Yeah, that J.R.R. Tolkien sure was some leftist, all right...
Tolkien was, in modern jargon, 'right wing' in that he honoured his monarch and his country and did not believe in the rule of the people; but he opposed democracy simply because he believed that in the end his fellow men would not benefit from it. He once wrote: "I am not a 'democrat', if only because 'humility' and equality are spiritual principles corrupted by the attempt to mechanise and formalise them, with the result that we get not universal smallness and humility, but universal bigness and pride, till some Orc gets hold of a Ring of Power -- and then we get and are getting slavery".

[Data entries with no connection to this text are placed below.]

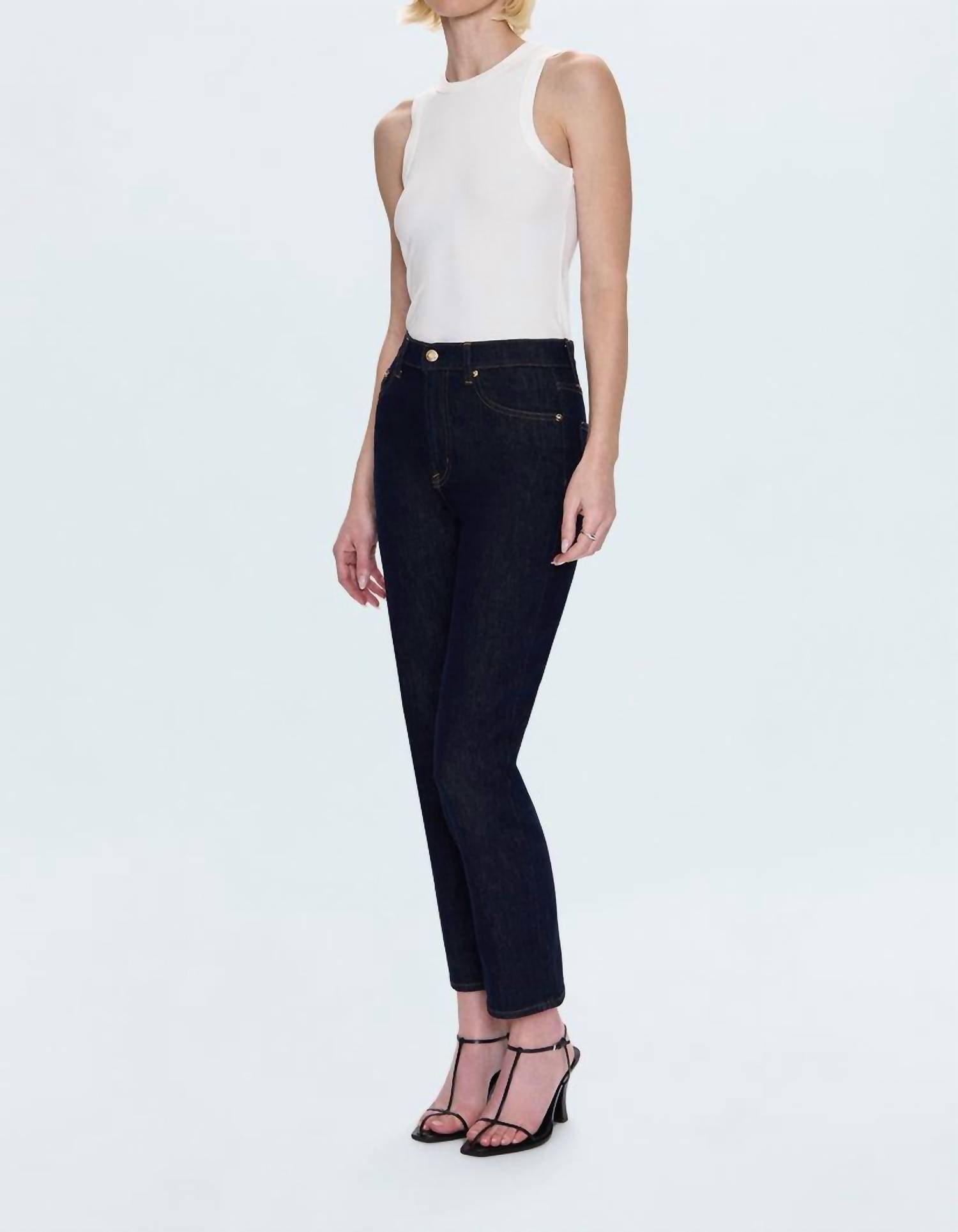 Step into timeless style with the Bri High Rise Slim Straight Jean by PISTOLA in the captivating Nightfall hue. These jeans exhibit a high-rise silhouette and a slim straight leg that extends to the perfect ankle length with a 28" inseam. Made from a 99% cotton and 1% spandex blend, they promise comfort and a flattering fit. Imported with a zip closure, they are easy to care for with a cold wash. Model is 5’9” wearing size 26, featuring an 11 1/2" rise and a 14" leg opening.
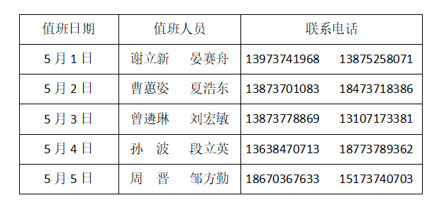 太阳成集团tyc33455cc2025年五一假期值班表
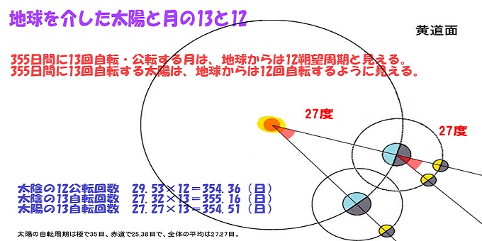■2■月は潮汐ロックにより自転と公転が同じになり、地球の1年間の日数+1が自転数になるので、2つの値が近似するのは自明だ。しかし互いの周回数を交換するように、月が365公転することと、地球が27.32公転することが、切りの良い10000日の表裏として現れる事実は、偶然として済ますには美しすぎる。
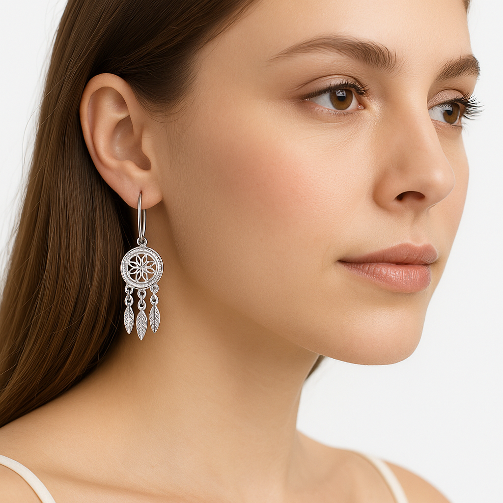 Arete Mediano Atrapa Sueños con Circonias Plata .925

"My political beliefs lean more and more to Anarchy (philosophically understood, meaning abolition of control not whiskered men with bombs) or to 'unconstitutional' Monarchy ... Give me a king whose chief interest in life is stamps, railways, or race-horses; and who has the power to sack his Vizier (or whatever you care to call him) if he does not like the cut of his trousers." (1943)

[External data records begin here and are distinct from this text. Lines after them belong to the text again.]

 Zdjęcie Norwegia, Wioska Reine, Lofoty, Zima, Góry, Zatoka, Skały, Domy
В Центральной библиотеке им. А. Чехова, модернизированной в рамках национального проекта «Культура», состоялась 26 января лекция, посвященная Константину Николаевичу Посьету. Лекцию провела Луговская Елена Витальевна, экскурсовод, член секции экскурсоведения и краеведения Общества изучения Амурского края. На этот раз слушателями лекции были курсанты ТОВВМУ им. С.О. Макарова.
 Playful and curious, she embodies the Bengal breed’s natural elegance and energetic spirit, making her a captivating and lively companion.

With all due respect, J.R.R. Tolkien had the example of the relatively amiable and harmless British royal family in mind. And although he says he is against democracy, he was not against the British constitution, which is a constitutional monarchy with significant democratic aspects. If an autocratic ruler were to become a tyrant, the people's only recourse would be to revolt. Democracy is a much saner and peaceful way for changes in government to be made.